• **Exercise description**:
Every entry below needs to be printed again exactly, with its pictures left out.

• **Extracted entries**:
= Beginning of Section =

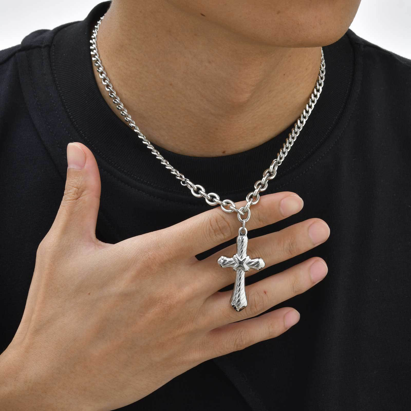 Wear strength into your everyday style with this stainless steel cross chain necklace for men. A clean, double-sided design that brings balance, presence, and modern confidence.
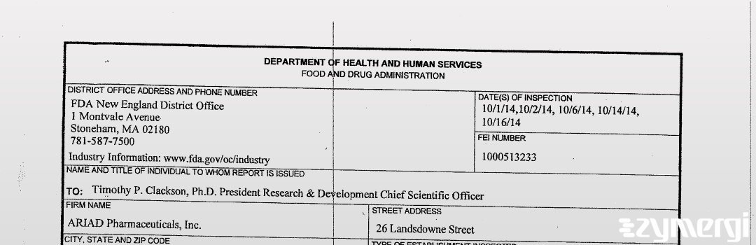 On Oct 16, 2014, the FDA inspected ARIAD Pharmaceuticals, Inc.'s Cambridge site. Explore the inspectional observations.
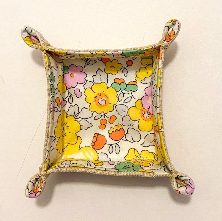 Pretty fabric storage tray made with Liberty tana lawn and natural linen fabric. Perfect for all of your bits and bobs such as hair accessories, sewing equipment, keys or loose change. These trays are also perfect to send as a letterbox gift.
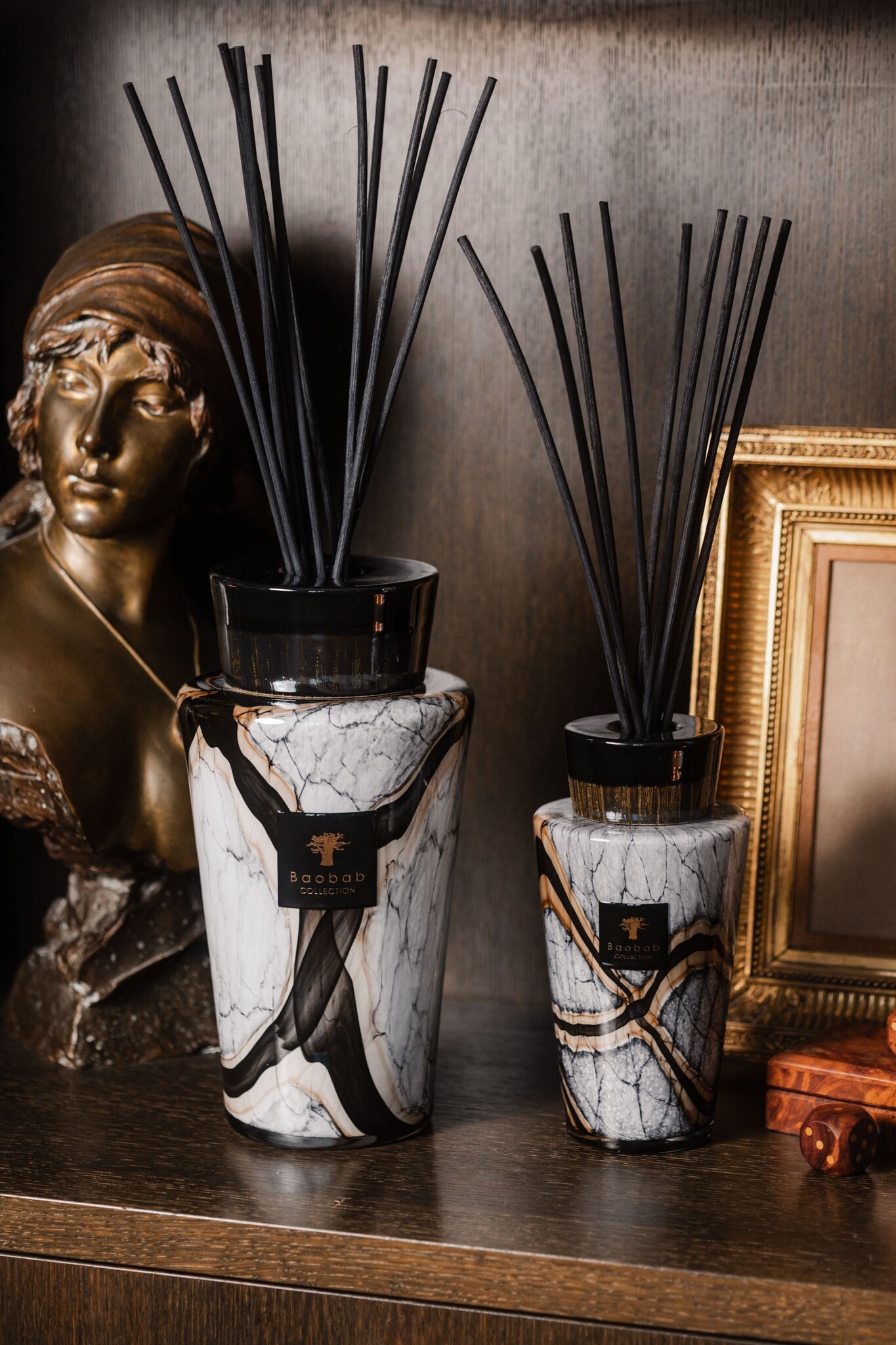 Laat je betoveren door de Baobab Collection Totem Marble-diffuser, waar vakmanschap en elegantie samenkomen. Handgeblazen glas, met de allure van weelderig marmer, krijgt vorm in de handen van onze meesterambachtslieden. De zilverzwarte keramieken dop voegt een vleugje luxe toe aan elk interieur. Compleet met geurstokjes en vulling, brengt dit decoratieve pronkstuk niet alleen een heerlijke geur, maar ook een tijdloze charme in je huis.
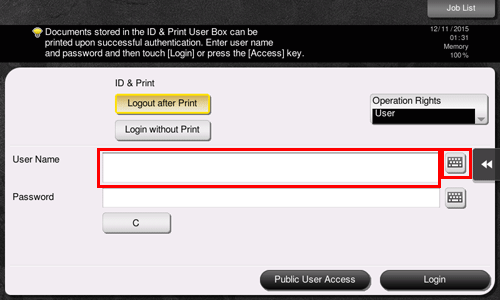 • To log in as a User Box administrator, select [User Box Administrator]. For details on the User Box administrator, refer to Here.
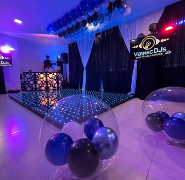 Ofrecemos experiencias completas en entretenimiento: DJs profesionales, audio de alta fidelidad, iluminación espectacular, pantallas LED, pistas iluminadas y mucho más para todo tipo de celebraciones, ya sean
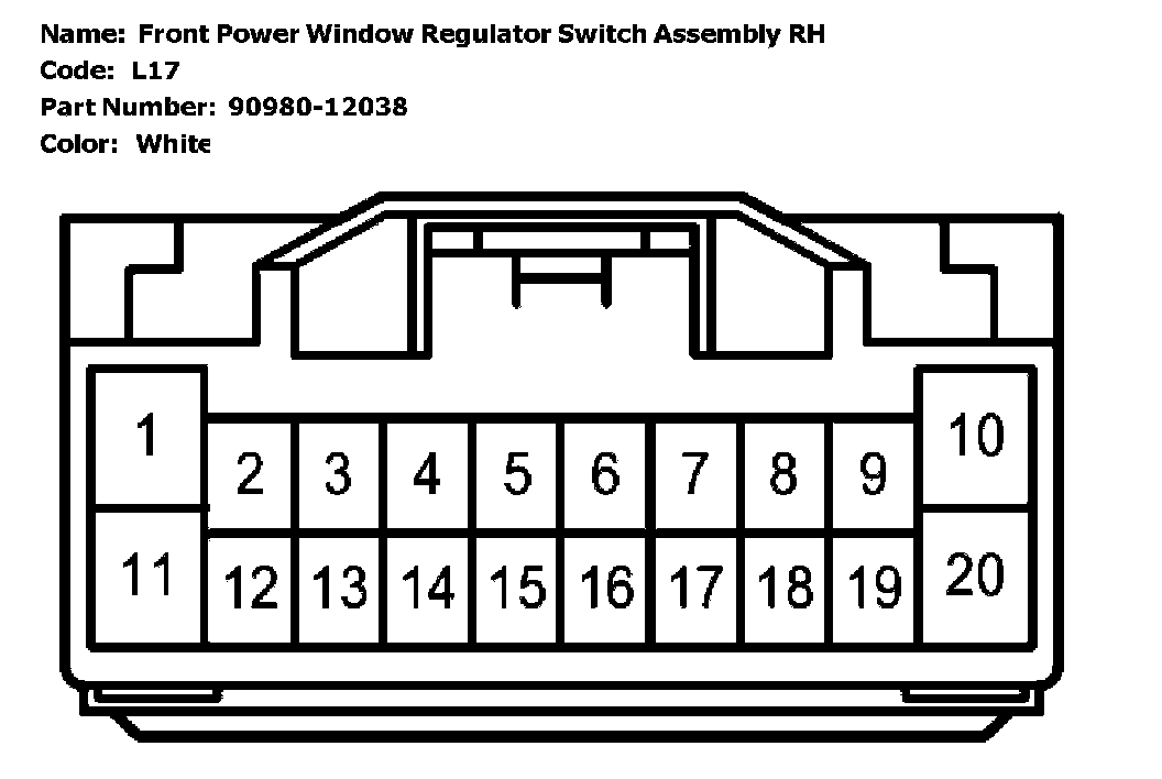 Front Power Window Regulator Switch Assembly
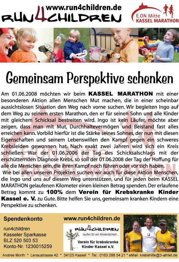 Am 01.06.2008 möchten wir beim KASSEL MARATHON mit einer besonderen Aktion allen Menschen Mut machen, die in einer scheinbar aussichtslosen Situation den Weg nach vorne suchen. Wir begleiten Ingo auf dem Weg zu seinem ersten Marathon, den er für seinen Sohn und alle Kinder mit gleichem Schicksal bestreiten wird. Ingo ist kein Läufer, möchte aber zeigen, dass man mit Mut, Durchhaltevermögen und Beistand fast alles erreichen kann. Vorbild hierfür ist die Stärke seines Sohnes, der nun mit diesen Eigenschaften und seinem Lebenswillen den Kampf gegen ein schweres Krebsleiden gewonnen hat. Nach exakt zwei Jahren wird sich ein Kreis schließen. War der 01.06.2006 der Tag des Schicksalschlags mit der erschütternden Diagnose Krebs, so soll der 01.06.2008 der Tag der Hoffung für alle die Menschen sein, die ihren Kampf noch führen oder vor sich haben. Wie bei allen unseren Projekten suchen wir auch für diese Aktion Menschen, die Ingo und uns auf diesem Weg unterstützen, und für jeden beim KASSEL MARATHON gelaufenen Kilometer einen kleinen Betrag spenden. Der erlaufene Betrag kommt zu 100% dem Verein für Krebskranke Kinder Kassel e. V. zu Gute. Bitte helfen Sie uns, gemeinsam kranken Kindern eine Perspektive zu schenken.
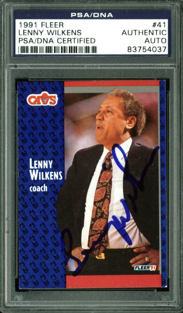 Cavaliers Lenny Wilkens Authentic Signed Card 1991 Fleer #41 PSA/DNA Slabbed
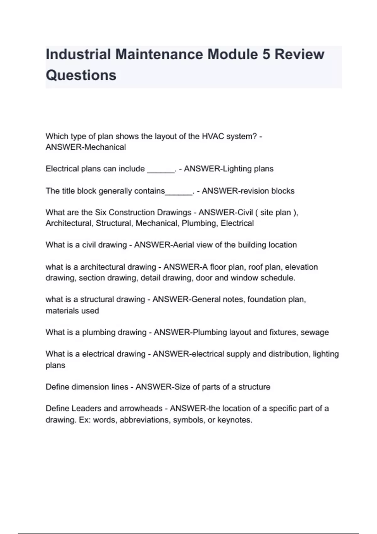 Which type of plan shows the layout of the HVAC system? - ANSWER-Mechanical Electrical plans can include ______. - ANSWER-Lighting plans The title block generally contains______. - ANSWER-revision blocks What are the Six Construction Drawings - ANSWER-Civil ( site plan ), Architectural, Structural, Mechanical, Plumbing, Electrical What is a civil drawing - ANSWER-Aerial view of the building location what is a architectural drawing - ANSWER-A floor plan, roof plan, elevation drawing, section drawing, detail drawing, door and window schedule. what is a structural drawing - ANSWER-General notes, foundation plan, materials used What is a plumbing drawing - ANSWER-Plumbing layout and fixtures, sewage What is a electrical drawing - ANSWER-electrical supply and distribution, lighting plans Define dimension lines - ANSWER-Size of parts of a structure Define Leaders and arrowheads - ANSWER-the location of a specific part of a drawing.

= End of Section =

• **Solution below**:
 Wear strength into your everyday style with this stainless steel cross chain necklace for men. A clean, double-sided design that brings balance, presence, and modern confidence.
 On Oct 16, 2014, the FDA inspected ARIAD Pharmaceuticals, Inc.'s Cambridge site. Explore the inspectional observations.
 Pretty fabric storage tray made with Liberty tana lawn and natural linen fabric. Perfect for all of your bits and bobs such as hair accessories, sewing equipment, keys or loose change. These trays are also perfect to send as a letterbox gift.
 Laat je betoveren door de Baobab Collection Totem Marble-diffuser, waar vakmanschap en elegantie samenkomen. Handgeblazen glas, met de allure van weelderig marmer, krijgt vorm in de handen van onze meesterambachtslieden. De zilverzwarte keramieken dop voegt een vleugje luxe toe aan elk interieur. Compleet met geurstokjes en vulling, brengt dit decoratieve pronkstuk niet alleen een heerlijke geur, maar ook een tijdloze charme in je huis.
 • To log in as a User Box administrator, select [User Box Administrator]. For details on the User Box administrator, refer to Here.
 Ofrecemos experiencias completas en entretenimiento: DJs profesionales, audio de alta fidelidad, iluminación espectacular, pantallas LED, pistas iluminadas y mucho más para todo tipo de celebraciones, ya sean
 Front Power Window Regulator Switch Assembly
 Am 01.06.2008 möchten wir beim KASSEL MARATHON mit einer besonderen Aktion allen Menschen Mut machen, die in einer scheinbar aussichtslosen Situation den Weg nach vorne suchen. Wir begleiten Ingo auf dem Weg zu seinem ersten Marathon, den er für seinen Sohn und alle Kinder mit gleichem Schicksal bestreiten wird. Ingo ist kein Läufer, möchte aber zeigen, dass man mit Mut, Durchhaltevermögen und Beistand fast alles erreichen kann. Vorbild hierfür ist die Stärke seines Sohnes, der nun mit diesen Eigenschaften und seinem Lebenswillen den Kampf gegen ein schweres Krebsleiden gewonnen hat. Nach exakt zwei Jahren wird sich ein Kreis schließen. War der 01.06.2006 der Tag des Schicksalschlags mit der erschütternden Diagnose Krebs, so soll der 01.06.2008 der Tag der Hoffung für alle die Menschen sein, die ihren Kampf noch führen oder vor sich haben. Wie bei allen unseren Projekten suchen wir auch für diese Aktion Menschen, die Ingo und uns auf diesem Weg unterstützen, und für jeden beim KASSEL MARATHON gelaufenen Kilometer einen kleinen Betrag spenden. Der erlaufene Betrag kommt zu 100% dem Verein für Krebskranke Kinder Kassel e. V. zu Gute. Bitte helfen Sie uns, gemeinsam kranken Kindern eine Perspektive zu schenken.
 Cavaliers Lenny Wilkens Authentic Signed Card 1991 Fleer #41 PSA/DNA Slabbed
 Which type of plan shows the layout of the HVAC system? - ANSWER-Mechanical Electrical plans can include ______. - ANSWER-Lighting plans The title block generally contains______. - ANSWER-revision blocks What are the Six Construction Drawings - ANSWER-Civil ( site plan ), Architectural, Structural, Mechanical, Plumbing, Electrical What is a civil drawing - ANSWER-Aerial view of the building location what is a architectural drawing - ANSWER-A floor plan, roof plan, elevation drawing, section drawing, detail drawing, door and window schedule. what is a structural drawing - ANSWER-General notes, foundation plan, materials used What is a plumbing drawing - ANSWER-Plumbing layout and fixtures, sewage What is a electrical drawing - ANSWER-electrical supply and distribution, lighting plans Define dimension lines - ANSWER-Size of parts of a structure Define Leaders and arrowheads - ANSWER-the location of a specific part of a drawing.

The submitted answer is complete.